Kommentar: Wenn Mehrarbeit zum Minusgeschäft wird

Wer heute in Österreich mehr arbeitet, erhöht nicht nur sein Einkommen, sondern vor allem seine Steuerlast. Das liegt an der Progression: Jede zusätzliche Stunde fällt oft in eine höhere Steuerstufe. Die erste verdiente Stunde wird also niedriger besteuert als die vierzigste. Damit wird Mehrarbeit netto immer weniger wert. Gleichzeitig können Förderungen wegfallen, weil sie an Einkommensgrenzen gekoppelt sind, und Betreuungskosten steigen, sobald die Arbeitszeit erhöht wird. Für viele Mütter bedeutet das: Mehrarbeit ist ein ökonomisches Risiko. Franz Schellhorn von Agenda Austria bringt es nüchtern auf den Punkt: Wer rechnen kann, arbeitet Teilzeit.

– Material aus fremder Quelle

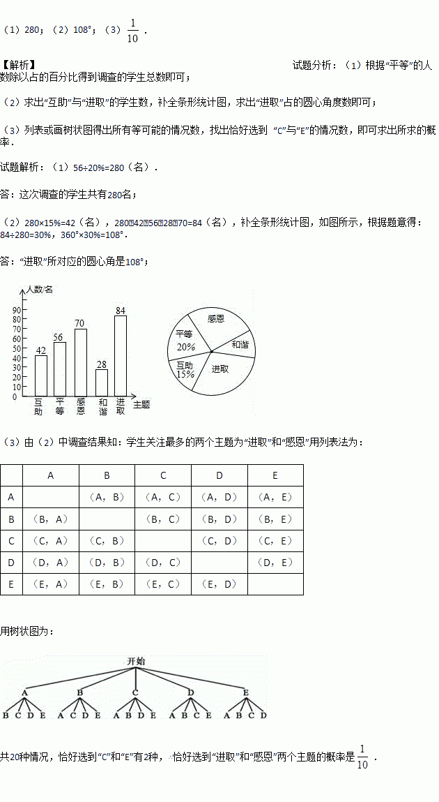 (3)如果要在这5个主题中任选两个进行调查,根据(2)中调查结果,用树状图或列表法, 求恰好选到学生关注最多的两个主题的概率(将互助、平等、感恩、和谐、进取依次记为A、B、C、D、E).

Die politische Erzählung, wonach mehr Kinderbetreuung automatisch zu mehr Vollzeit führt, hält einer Überprüfung nicht stand. Wien ist das beste Beispiel: flächendeckende Betreuung, aber eine Vollzeitquote, die beharrlich niedrig bleibt. Denn die Entscheidung fällt nicht im Kindergarten, sondern im Steuerrecht. Die Rechnung, die viele Familien machen, ist simpel und ernüchternd: Die zusätzliche Arbeitsstunde bringt kaum Mehrwert, aber spürbare Nachteile. Gleichzeitig wächst die spätere Pensionslücke zuverlässig mit.
Diese Fehlanreize haben Konsequenzen, die weit über individuelle Lebensentwürfe hinausgehen. Unternehmen suchen händeringend Fachkräfte, treffen jedoch auf Frauen, die rational kalkulieren und Mehrarbeit ablehnen. Nicht aus Bequemlichkeit, sondern aus ökonomischer Vernunft. Der Staat verliert Produktivität und Steuereinnahmen. Und die Betroffenen zahlen im Alter den höchsten Preis: minimale Pensionen als Ergebnis eines Systems, das ihnen Vollzeit von Beginn an unattraktiv macht.
Ein modernes Erwerbssystem müsste anders funktionieren. Mehrarbeit sollte steuerlich begünstigt, nicht bestraft werden. Förderungen sollten so gestaltet sein, dass sie nicht bei jeder zusätzlichen Stunde kollabieren. Betreuungskosten müssen kalkulierbar bleiben und dürfen den Mehrverdienst nicht sofort absorbieren. Und ein Pensionssystem, das Betreuungszeiten fair berücksichtigt, ist keine Wohltat, sondern wirtschaftliche Notwendigkeit.
Es geht nicht um Moral, sondern um Mathematik. Solange Mehrarbeit für Mütter ein Risiko bleibt, wird sich die Vollzeitquote nicht erhöhen. Die Politik kann noch so viele Appelle formulieren: Solange das System die Anstrengung verteuert, wird sie unterlassen.
Zeit, die ökonomische Logik zu korrigieren. Nur dann wird Mehrarbeit zur Chance statt zur Gefahr.
Helga Boss ist selbstständige Unternehmensberaterin, Dozentin an der Dualen Hochschule Baden-Württemberg und Mutter von zwei Kindern.